Task brief - Could you write out exactly, and only, the lines from the one containing "Nadstavec s otvorenými" through the last line of the data, leaving out all pictures?

Dataset records -
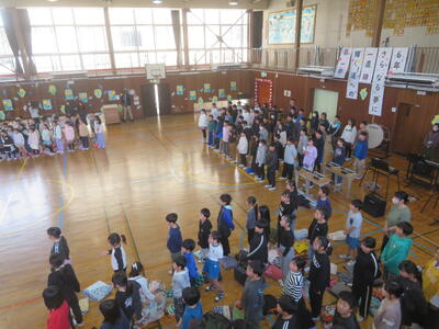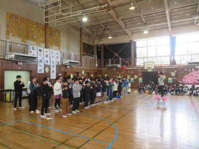 27日(金)は6年生を送る会でした。1~5年生は6年生に「ありがとう」の気持ちを伝えるために一生懸命練習してきました。それを真剣な目で見ている6年生。とても素敵な会となりました。
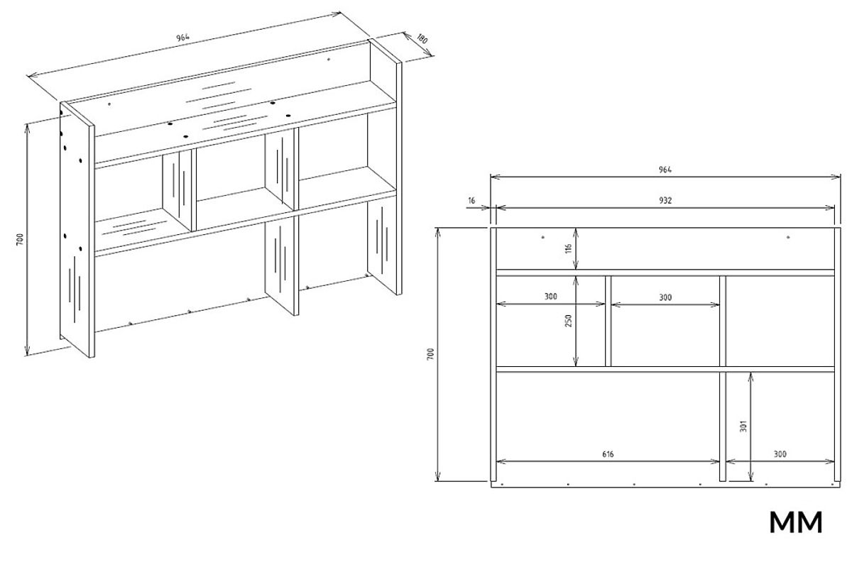 Nadstavec s otvorenými poličkami – ideálny na knihy, zošity, dekorácie alebo príslušenstvo
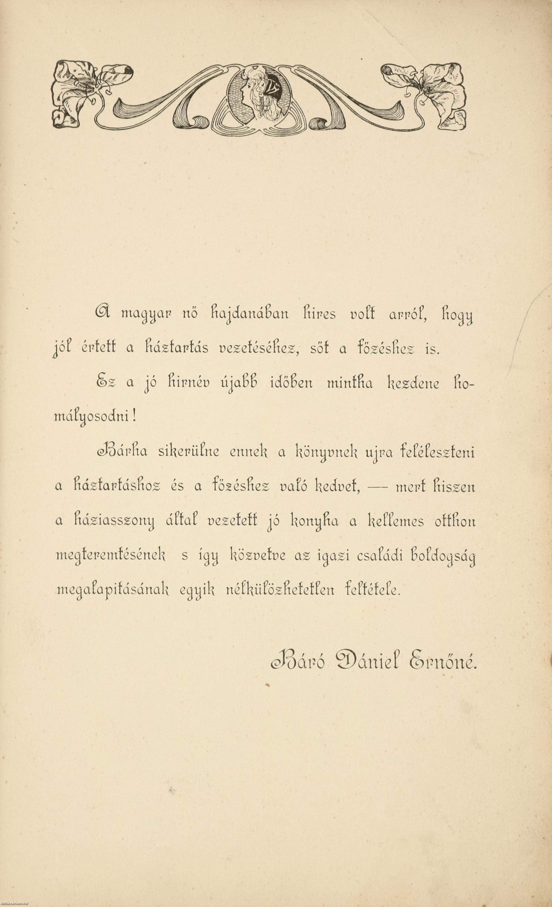 A Magyar Háztartási Iskola fözöiskolája volt bölcsője a könyvnek, melyet szerzője im útnak bocsájt s melyet mint a Magyar Háztartási Iskola egyik eszméjének gyakorlati megtestesülését üdvözlök....
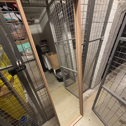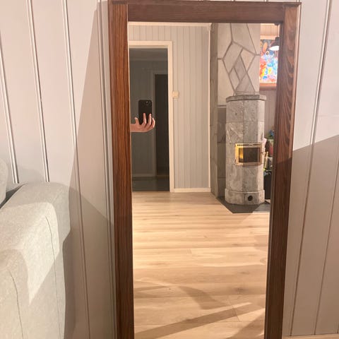 IKEA speil helfigur med treramme. Speilet har rektangulær form og er beregnet for bruk som helfigurspeil, for eksempel i gang, soverom eller garderobe.
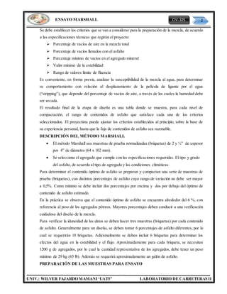 Este documento describe el método Marshall para determinar la resistencia a la deformación plástica de mezclas bituminosas utilizando el aparato Marshall. El método incluye la preparación de muestras cilíndricas con diferentes contenidos de asfalto, su compactación, y la medición de su estabilidad y fluencia usando el equipo Marshall. El objetivo es determinar el contenido óptimo de asfalto que cumpla con los criterios de resistencia, densidad y vacíos requeridos.

Answer box -
 Nadstavec s otvorenými poličkami – ideálny na knihy, zošity, dekorácie alebo príslušenstvo
 A Magyar Háztartási Iskola fözöiskolája volt bölcsője a könyvnek, melyet szerzője im útnak bocsájt s melyet mint a Magyar Háztartási Iskola egyik eszméjének gyakorlati megtestesülését üdvözlök....
 IKEA speil helfigur med treramme. Speilet har rektangulær form og er beregnet for bruk som helfigurspeil, for eksempel i gang, soverom eller garderobe.
 Este documento describe el método Marshall para determinar la resistencia a la deformación plástica de mezclas bituminosas utilizando el aparato Marshall. El método incluye la preparación de muestras cilíndricas con diferentes contenidos de asfalto, su compactación, y la medición de su estabilidad y fluencia usando el equipo Marshall. El objetivo es determinar el contenido óptimo de asfalto que cumpla con los criterios de resistencia, densidad y vacíos requeridos.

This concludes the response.